# Code 0171



## dustyk87 (11 mo ago)

Stupid question. I like 51% pisitive I caused the code ecm to throw the code. I drove my sisters 2012 Sentra for the first time in about 3 months. I got a heavier foot. Therefore the fuel/air ratio would have become higher. Did i cause it to throw the code???


----------



## VStar650CL (Nov 12, 2020)

Not likely. Check for hidden cracks in the rubber intake boot. Very common, and if a code results it's usually P0171.


----------



## VStar650CL (Nov 12, 2020)

PS - Usually those cracks in the boot open up under accel or decel as the engine "rocks" in the mounts, so if your sis drives like grandma, then it's possible she just never aggravated the problem and you did. Check the motor mounts in addition to checking the intake boot.


----------



## dustyk87 (11 mo ago)

VStar650CL said:


> Not likely. Check for hidden cracks in the rubber intake boot. Very common, and if a code results it's usually P0171.
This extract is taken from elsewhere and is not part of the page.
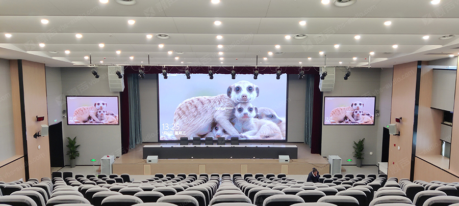 在1樓可容納500人報(bào)告廳內(nèi),配置2組4+1只10寸全頻專業(yè)線陣音箱作為主擴(kuò),4只12寸全頻專業(yè)音箱作為后場(chǎng)補(bǔ)聲,舞臺(tái)配置2個(gè)雙18寸重低音全頻音箱,2只12寸返聽,4只10寸臺(tái)唇,配備調(diào)音臺(tái)及周邊音頻處理設(shè)備,對(duì)聲音進(jìn)行處理。

Yea it threw code P0171 to lean bank one but it wasnt the boot. I wasn't informed she hit a 2×4 in the rd a few weeks back and it broke of some of the intake down piping. Guess what?? I sucked up a grocery bag up the intake to the filter . Hahahahahahahahaha


----------



## VStar650CL (Nov 12, 2020)

dustyk87 said:


> Guess what?? I sucked up a grocery bag up the intake to the filter . Hahahahahahahahaha


That will do it. Whoops!


----------